TO DO: Going through the material below, output exactly the lines from the one containing "These skinny gold" through the one containing "答:按照行業(yè)規(gu", and no pictures.

STUDY MATERIAL:

+++++

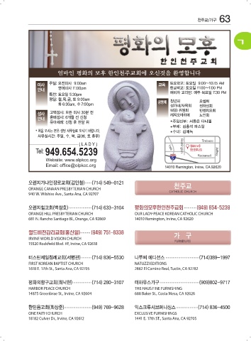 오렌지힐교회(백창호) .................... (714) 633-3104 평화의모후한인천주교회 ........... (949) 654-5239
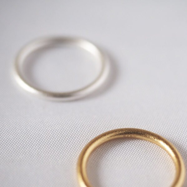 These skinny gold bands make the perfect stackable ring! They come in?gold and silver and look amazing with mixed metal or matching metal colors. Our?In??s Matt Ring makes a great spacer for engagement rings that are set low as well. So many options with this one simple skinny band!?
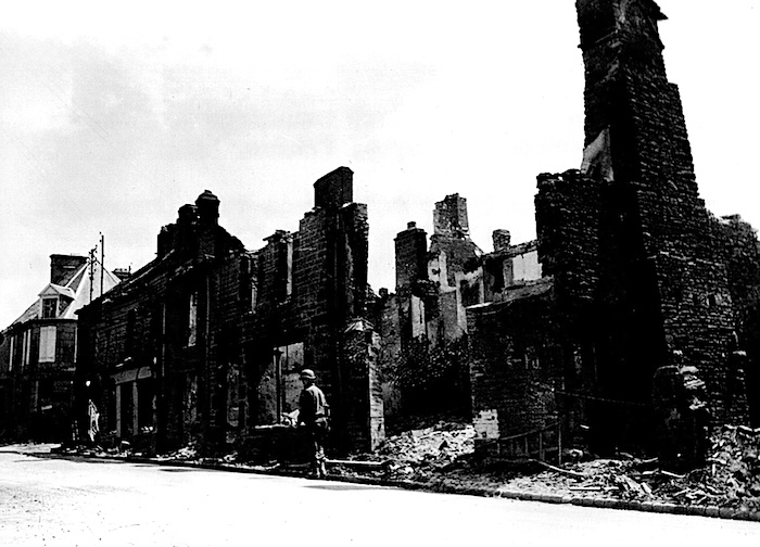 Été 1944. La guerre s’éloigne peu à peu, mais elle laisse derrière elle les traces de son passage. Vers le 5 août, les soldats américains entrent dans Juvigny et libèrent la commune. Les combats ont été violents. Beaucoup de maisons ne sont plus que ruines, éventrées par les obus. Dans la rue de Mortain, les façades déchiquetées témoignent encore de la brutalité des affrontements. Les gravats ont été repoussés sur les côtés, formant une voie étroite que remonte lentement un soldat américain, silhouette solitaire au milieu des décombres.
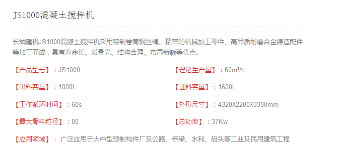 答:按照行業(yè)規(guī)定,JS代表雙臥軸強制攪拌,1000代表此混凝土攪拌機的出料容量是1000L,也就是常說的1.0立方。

+++++

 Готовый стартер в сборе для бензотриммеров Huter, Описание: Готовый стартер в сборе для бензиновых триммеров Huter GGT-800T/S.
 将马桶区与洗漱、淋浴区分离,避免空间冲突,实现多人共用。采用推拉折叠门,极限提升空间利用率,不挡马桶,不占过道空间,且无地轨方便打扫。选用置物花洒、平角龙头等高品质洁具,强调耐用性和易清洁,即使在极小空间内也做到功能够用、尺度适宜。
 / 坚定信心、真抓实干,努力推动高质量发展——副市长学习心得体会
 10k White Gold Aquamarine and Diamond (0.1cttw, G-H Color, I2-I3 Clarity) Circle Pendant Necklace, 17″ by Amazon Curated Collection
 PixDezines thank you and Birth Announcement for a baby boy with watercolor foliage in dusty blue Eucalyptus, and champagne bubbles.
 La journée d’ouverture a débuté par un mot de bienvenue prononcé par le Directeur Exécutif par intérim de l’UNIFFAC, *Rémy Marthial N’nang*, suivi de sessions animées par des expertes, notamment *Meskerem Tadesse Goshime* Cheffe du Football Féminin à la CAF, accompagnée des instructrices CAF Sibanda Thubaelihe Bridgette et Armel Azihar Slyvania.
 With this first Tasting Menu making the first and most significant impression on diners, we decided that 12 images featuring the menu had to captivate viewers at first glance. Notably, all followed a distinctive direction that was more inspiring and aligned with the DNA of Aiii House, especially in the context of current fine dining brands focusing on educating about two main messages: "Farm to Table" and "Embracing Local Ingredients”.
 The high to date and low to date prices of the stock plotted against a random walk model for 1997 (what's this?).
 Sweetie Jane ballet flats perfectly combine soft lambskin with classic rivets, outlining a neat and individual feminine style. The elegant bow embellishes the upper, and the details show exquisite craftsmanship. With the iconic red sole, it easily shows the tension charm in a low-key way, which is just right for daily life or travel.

+++++

ANSWER SECTION:
 These skinny gold bands make the perfect stackable ring! They come in?gold and silver and look amazing with mixed metal or matching metal colors. Our?In??s Matt Ring makes a great spacer for engagement rings that are set low as well. So many options with this one simple skinny band!?
 Été 1944. La guerre s’éloigne peu à peu, mais elle laisse derrière elle les traces de son passage. Vers le 5 août, les soldats américains entrent dans Juvigny et libèrent la commune. Les combats ont été violents. Beaucoup de maisons ne sont plus que ruines, éventrées par les obus. Dans la rue de Mortain, les façades déchiquetées témoignent encore de la brutalité des affrontements. Les gravats ont été repoussés sur les côtés, formant une voie étroite que remonte lentement un soldat américain, silhouette solitaire au milieu des décombres.
 答:按照行業(yè)規(guī)定,JS代表雙臥軸強制攪拌,1000代表此混凝土攪拌機的出料容量是1000L,也就是常說的1.0立方。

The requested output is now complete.